Tidy Tuesday: Nuclear Explosions

Hi, all! This week’s Tidy Tuesday post is about nuclear explosions. Our data come from Stockholm International Peace Research Institute.

One of my goals for this week is to explore some of ggplot’s advanced features, most of which are discussed in “Graphics for Communcation” from R for Data Science. So, let’s try to create a visually appealing and informative plot!

Data Wrangling

Let’s read in the data and get started.

library(readr)
library(dplyr)
library(ggplot2)
library(forcats)
library(purrr)
library(stringr)

nuclear_explosions <- read_csv("https://raw.githubusercontent.com/rfordatascience/tidytuesday/master/data/2019/2019-08-20/nuclear_explosions.csv")

First, let’s make some of the country names look better.

nuclear_explosions <-
  mutate(nuclear_explosions,
         country = fct_recode(country,
                              France = "FRANCE",
                              China = "CHINA",
                              India = "INDIA",
                              Pakistan = "PAKIST"
                              ))

Now, to put nice labels on our plot, we need a way to determine an appropriate height. Labels should be high enough that they don’t obstruct the bar plot. However, to save space, I want to put the legend inside the plot. So, we can’t place the labels too high.

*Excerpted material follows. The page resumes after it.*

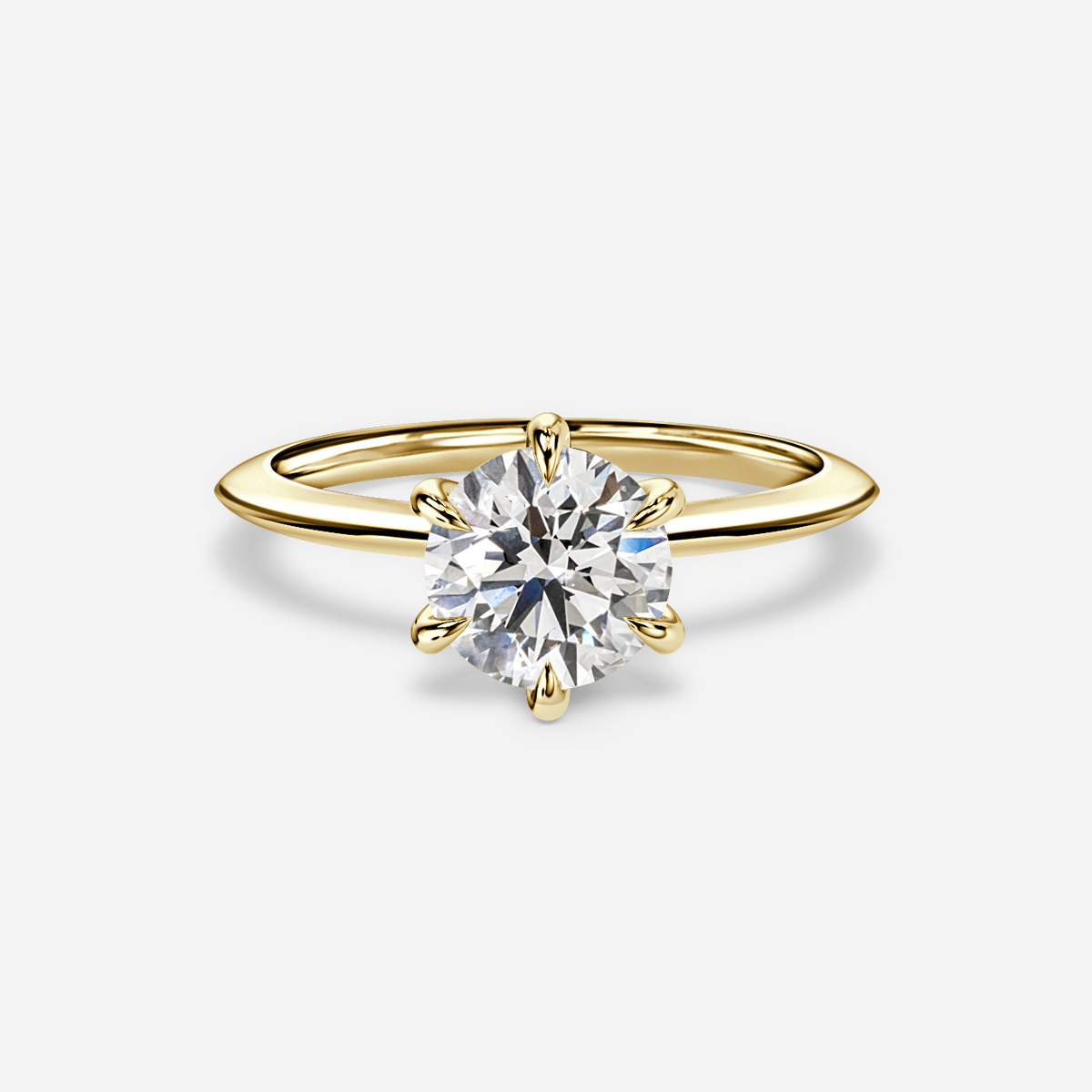Classic and refined, this exquisite yellow gold solitaire engagement ring features an round cut diamond that sits within a six prong setting. Handcrafted in Hatton Gardens, London. Centre Diamond Not Included Setting Only.

To solve this problem, we will find the number of explosions for each year, and write a function to find the largest number of yearly explosions over the 10 most recent years to any input.

(Thanks to Twitter user @msubbaiah1 for providing a short explination for the gap in testing in 1958 which saved us some Googling.)

yearlyExplosions <-
  nuclear_explosions %>%
  group_by(year) %>%
  summarise(n = n())

getHeight <- function(year){
  checkYears <- year + seq(-10, 0)
  explosions <- filter(yearlyExplosions, year %in% checkYears) %>% select(n)
  height <- max(explosions, na.rm = T) + 5
  return(height)
}

dates <- tibble(year = c(1959, 1996),
                text = map_chr(c("US, UK, and USSR form moratorium on nuclear testing from Nov '58 to Aug '61",
                                 "Comprehensive Nuclear-Test-Ban Treaty signed in Sept '96"), 
                           str_wrap, width = 20)) %>%
  mutate(height = map_dbl(year, getHeight))

Data Visualization

ggplot(nuclear_explosions, aes(x = year, fill = fct_rev(fct_infreq(country)))) +
  geom_bar(width = 1, color = "black") +
  geom_segment(aes(yend = height, x = year, xend = year), 
               y = 0, data = dates, inherit.aes = F) +
  geom_label(aes(x = year, y = height, label = text), 
             data = dates, inherit.aes = F, size = 2.5, 
             label.r = unit(0, "lines"), vjust = "bottom", hjust = "right") +
  labs(title = "A History of Nuclear Explosions",
       x = "Year", y = "Number of Nuclear Explosions",
       caption = "Visualization: jackmwolf.rbind.io\nData: Stockholm International Peace Research Institute") +
  theme_bw() +
  theme(legend.justification=c(1,1), legend.position=c(1,1), 
        legend.background=element_blank(),
        panel.grid.major.x = element_blank(),
        panel.grid.minor.x = element_blank()) +
  guides(fill = guide_legend(nrow = 2, reverse = TRUE)) +
  scale_fill_brewer(palette = "Accent", name = "") +
  scale_y_continuous(expand = expand_scale(mult = c(0, 0.05))) +
  scale_x_continuous(breaks = seq(1945, 2000, by = 5))

Reflections

I used a lot of new functions this week (str_wrap(), geom_segment(), geom_label(), and several others)! This was also my first time using purrr instead of the apply family of functions. I love how easy it is to use, and how intuitive it feels—I will definitely start to use it more in my work. It was fun to put so much effort into one plot, and I enjoyed exploring the wide range of options that ggplot offers.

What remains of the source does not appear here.